— Problem to solve —
Without the pictures, retype each line below exactly as it stands.

— Data section —
::::
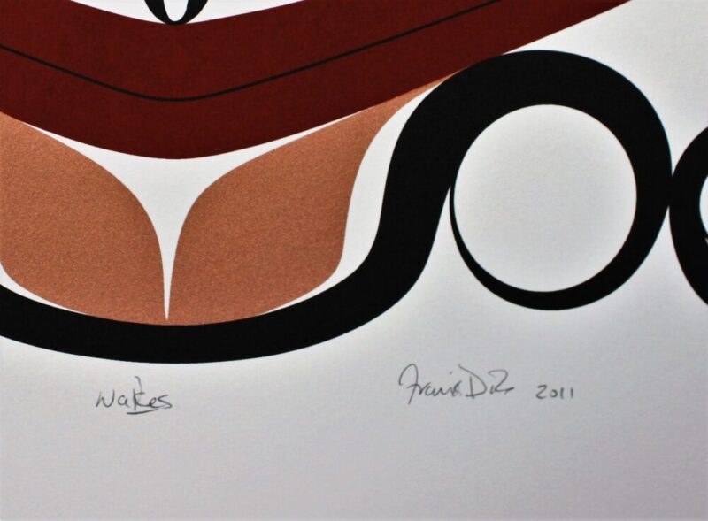 This limited edition silk screen print titled “Wak’es” by Francis Dick was hand produced by the screen printing process. It is the only limited edition printing of this design. The artist has inspected and signed each copy in the edition. All trial copies of this edition have been destroyed and the printing stencils obliterated.
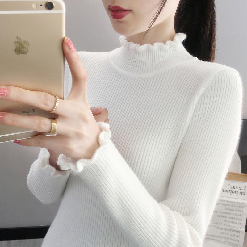 Женский модный вязаный облегающий свитер с длинным рукавом и воротником-гольф
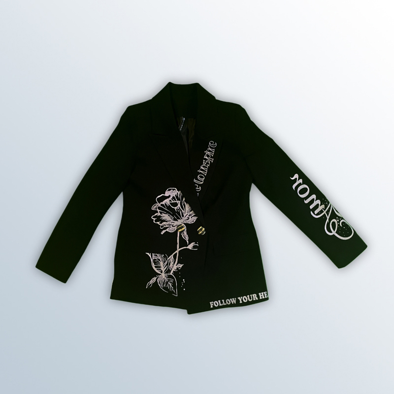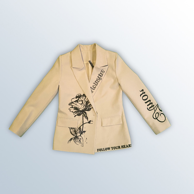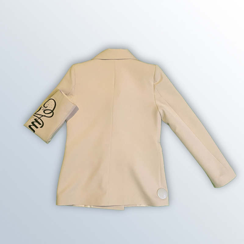 جاكيت بليزر بتصميم مميز مصنوع من مزيج من 65% بوليستر. يتميز بنقوش وطبعات عصرية على الجهة الأمامية وعلى الأكمام تضفي عليه لمسة فريدة وجريئة. متوفر بألوان: أسود، بيج. مثالي لإطلالة عصرية وغير تقليدية.
::::
— Reply —
 This limited edition silk screen print titled “Wak’es” by Francis Dick was hand produced by the screen printing process. It is the only limited edition printing of this design. The artist has inspected and signed each copy in the edition. All trial copies of this edition have been destroyed and the printing stencils obliterated.
 Женский модный вязаный облегающий свитер с длинным рукавом и воротником-гольф
 جاكيت بليزر بتصميم مميز مصنوع من مزيج من 65% بوليستر. يتميز بنقوش وطبعات عصرية على الجهة الأمامية وعلى الأكمام تضفي عليه لمسة فريدة وجريئة. متوفر بألوان: أسود، بيج. مثالي لإطلالة عصرية وغير تقليدية.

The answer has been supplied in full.